This microstate in the Pacific, with an area of only 21 sq-km (8.1 square miles) and a population of only 12,000, is (also) special because it is currently the only one to use a Borda-like positional voting for legislative elections. The modified Borda method was also used in Slovenia until recently, to elect the Hungarian and Italian minority representatives.

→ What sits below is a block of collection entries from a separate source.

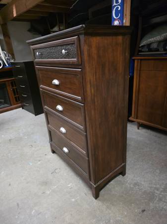 Selling a nice modern dark walnut color tall dresser or chest of drawers in excellent condition all around. Very solid and well made piece of furniture. Measures 55 inches tall, 38 wide and 18 deep. Please call or text me at show contact info
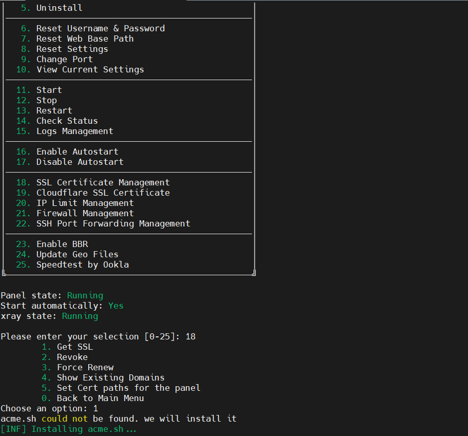 3x-ui的管理面板:输入” x-ui ” 然后回车,输入数字 “18” SSL 证书管理,接下来输入“1” 开始申请证书,如图:
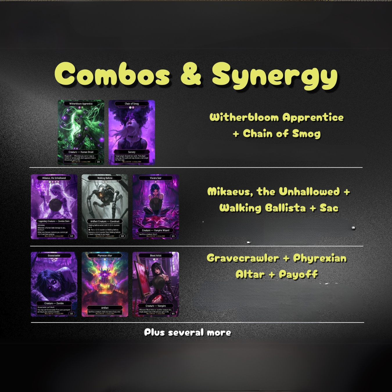 This deck revolves around reanimation loops, sacrifice triggers, and recursive value. Meren grows stronger as your creatures die, allowing you to return key pieces from the graveyard turn after turn. With tokens, death triggers, and targeted removal, you'll grind out advantage until you overwhelm the board.
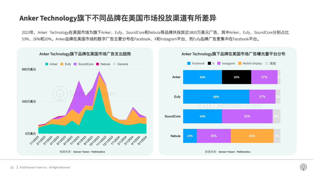 2023年安克创新在美国市场为旗下Anker、Eufy、SoundCore和Nebula等品牌共投放3800万美元广告,Anker、Eufy、SoundCore分别占比53%、26%和20%。Anker品牌在美国市场的数字广告主要分布在Facebook、X(原Twitter)和Instagram平台,而Eufy品牌广告更集中在Facebook平台。

Unlike Australia, however, Nauru does not use instant runoff voting or STV. The so-called ‘Dowdall system’ is similar to Borda’s positional voting method, but with different scoring (Plus, Nauru uses a variant, where multiple winners are always chosen in each constituency). Dowdall scoring converts rankings into points not by equal distances, but according to the harmonic series.
Constituencies of Nauru
For example, if there are 5 candidates, then according to Borda scoring, the candidate ranked first gets 5 points, the second gets 4, etc. — but we could also say that the points range from 4 to 0, or from +2 to -2. As long as the distances are equal, these are all equivalent. In the Nauruan system, first place is worth 1 point, second place is worth 1/2, third place is worth 1/3, etc. — This method gives higher weights to the relatively higher positions (top-heavy), as opposed to the unbiased scoring of Borda. It can be said that it is somewhere “halfway” between FPTP/SNTV (where only first preferences are worth 1 point, everything else is zero) and the Borda count.

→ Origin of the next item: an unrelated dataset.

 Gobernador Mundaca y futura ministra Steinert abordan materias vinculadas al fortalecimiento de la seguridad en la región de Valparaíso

The Borda system is known in voting theorist circles for being easily manipulable (“a system only for honest men” according to its inventor) and for its significant potential for tactical voting. Nevertheless, it can still be called a kind of “compromise-seeking” method. Its flaws also stem from the way in which compromise is “forced”. Especially when all candidates are required to be ranked (as in Nauru), voters do well to put their strongest opponents last — even if there is a candidate they would like to see elected even less. In addition, it is worth running decoy candidates (clones), whose presence can increase the effectiveness of tactical voting. (And if it is not mandatory to rank all candidates — as was the case in Slovenia — then it is often not worth it; and thus the search for compromise will not be as successful.)
In Nauru, due to compulsory ranking, the phenomena of both tactical voting and strategic nomination can be observed. Although the system is theoretically less exposed to the tactics observed under the Borda rules, the incentives are very similar. Even if the voters themselves do not want to undermine the compromise-seeking nature of the system, the candidates do want to achieve the best possible result for themselves. Therefore (similarly to what parties and candidates do in Australia), the candidates hand out “How to vote” cards to explain, well, how to vote — taking into account what tactics would be favorable to them. However, Nauruan politics is apparently — at least on the surface — centered much more on individual candidates, not so much on formal party lines, as we see in much larger countries. It may well be that the system itself is partly responsible for the country’s relatively non-partisan politics to this day, but it may still primarily be due to social and historical reasons (plus the small size of the country and legal reasons?).
Nauru’s modified Borda system is also interesting because it is only used in multi-member districts. Most districts are two-member, meaning the race is primarily for the second seat. For this reason, and because of how points are scored, some similarities can be found with the old Chilean ‘binomial’ system. Although the system is not proportional in any sense (unlike, for example, the Australian STV), it is not winner-take-all all either: if there are a few similar candidates, even with the most optimal tactical voting, they cannot guarantee that they will win all the seats with a mere plurality.
Most electoral experts would probably consider the Dowdall system too arbitrary and theoretically problematic. Still, as a sort of compromise between the SNTV (note: in mostly 2-member districts, SNTV may be even more “loser-friendly” — biased towards the second largest faction — than D’Hondt…) and Borda systems, it may have some virtues. One of its goals might be to avoid a straight-up bloc voting system, where the minority has no serious chance, and the plurality faction can easily win all the seats in the district. But at the same time, the system also makes it more difficult for the minority to have too much influence. Plurality bloc voting is, unfortunately, often too tempting a choice compared to the other simple multi-winner system, the capricious SNTV. So while in Nauru, the system might be more winner-take-all than SNTV, it’s still more nuanced than simple plurality bloc voting.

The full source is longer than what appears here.